Reports yesterday that gender testing on South Africa's running sensation has determined she has hidden male sexual organs triggered outrage and dealt a blow to her family, who may have been unaware of the reported condition. And, foremost, there is worry about how the 18-year-old will handle all this.
Newspaper reports from Australia said testing determined Caster Semenya has internal testes, meaning the runner herself, who was raised in a poor village, may have been unaware of such a condition.
And now such intimate details are there for the world to see.
The International Association of Athletics Federations, which ordered the testing, refused to confirm or deny the reports. The IAAF said it is reviewing the test results and will not issue any final decision until November at their meeting in Monaco.
South African Sports Minister Makhenkesi Stofile held a press conference yesterday to express his horror at the handling of the whole affair. He insisted Caster, who won gold at the world athletic championships in August, is female and that lack of a womb should not disqualify her from women's competition.
"We think her human rights have been violated and her privacy invaded," Stofile said. "I don't know why she is being subjected to this."
International Olympic Committee president Jacques Rogge said the case could have serious psychological repercussions.
"This is something that touches the very soul of the individual," Rogge told The Associated Press in a telephone interview. "The psychological but also social consequences are really tremendous. This is something that preferably should be handled discreetly if you have the time to do that."
Semenya, who has a low voice and whose body ripples with muscles, dropped out of sight yesterday.
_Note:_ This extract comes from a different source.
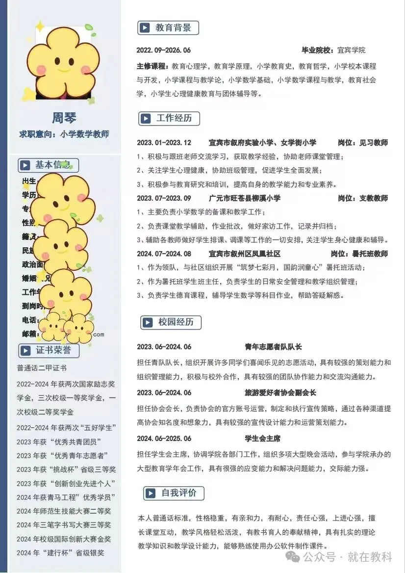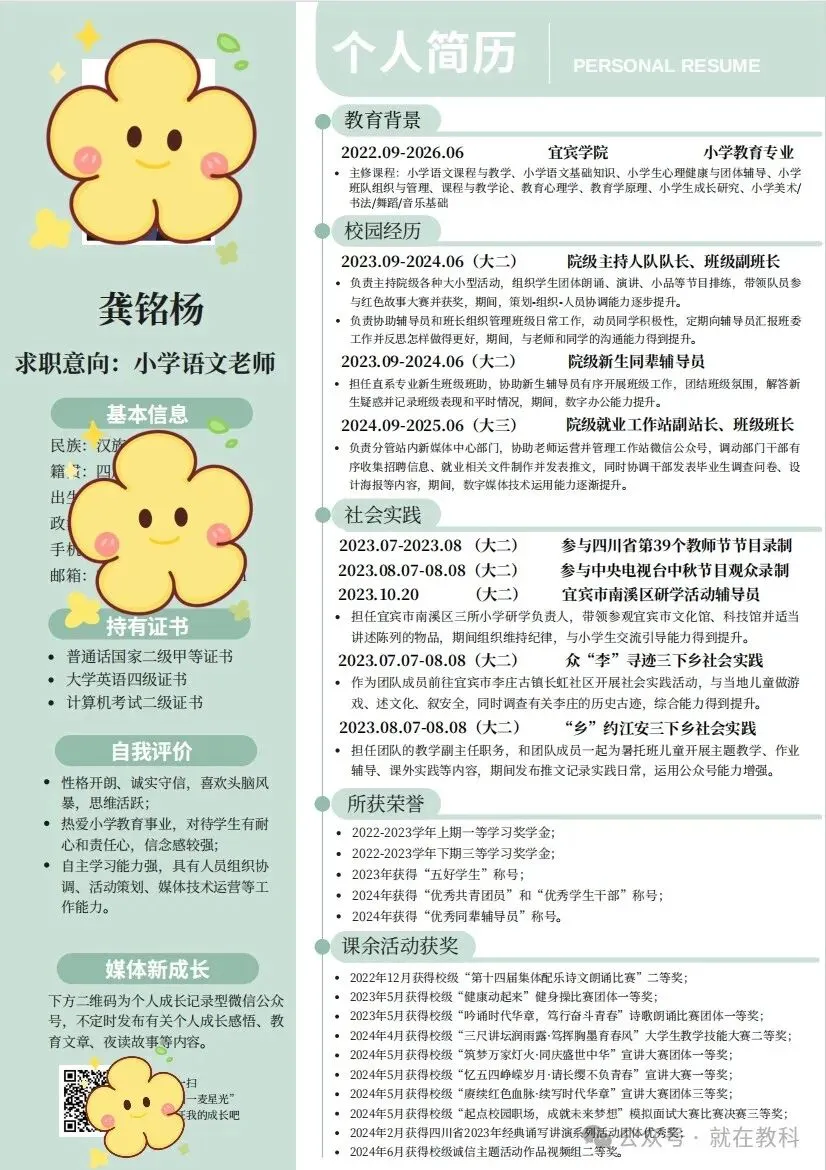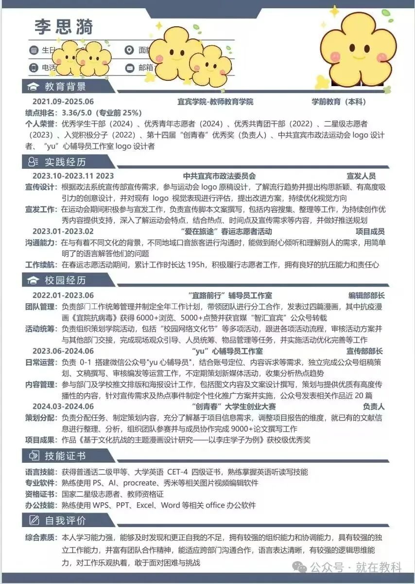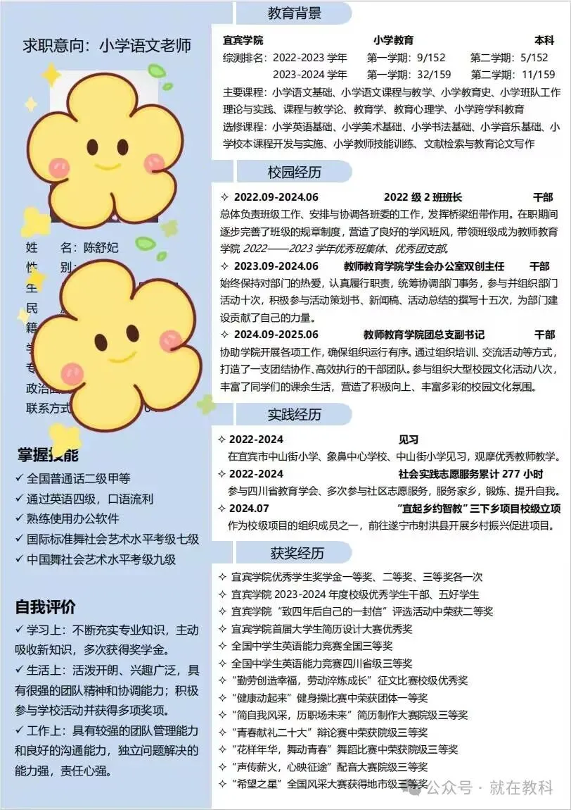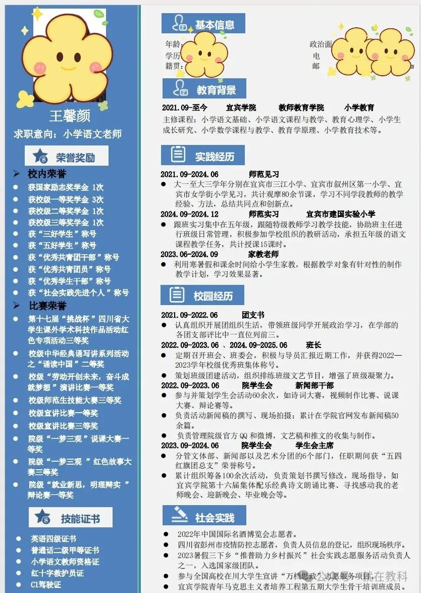 为了进一步贯彻落实党的二十届三中全会精神,推动全面深化改革,助力毕业生高质量就业,提升大学生的实践能力和创新思维能力,进一步加强学生重视未来的职业生涯规划和求职竞争力,教师教育学院就业工作站于2024年10月21日—27日举办了一场以“简历飞扬,梦想启航”为主题的简历设计大赛。本次大赛全程线上举办,学院2021级学生全体参与、部分2022级、2023级学生参与。

The South African Press Association quoted her coach, Michael Seme, as saying she would not take part in a women's 4,000-metres at the South African Cross Country Championships in Pretoria today because she was "not feeling well." Seme had said earlier in the week Semenya would run.
She has told reporters she is happy the way she is and seemed to take the controversy in stride when she appeared on the cover of a South African magazine earlier this week wearing makeup, gold jewelry and a dress, foregoing the pants she normally wore.
Semenya's father, Jacob, expressed anger when contacted by The Associated Press on Friday, saying people who insinuate his daughter is not a woman "are sick. They are crazy."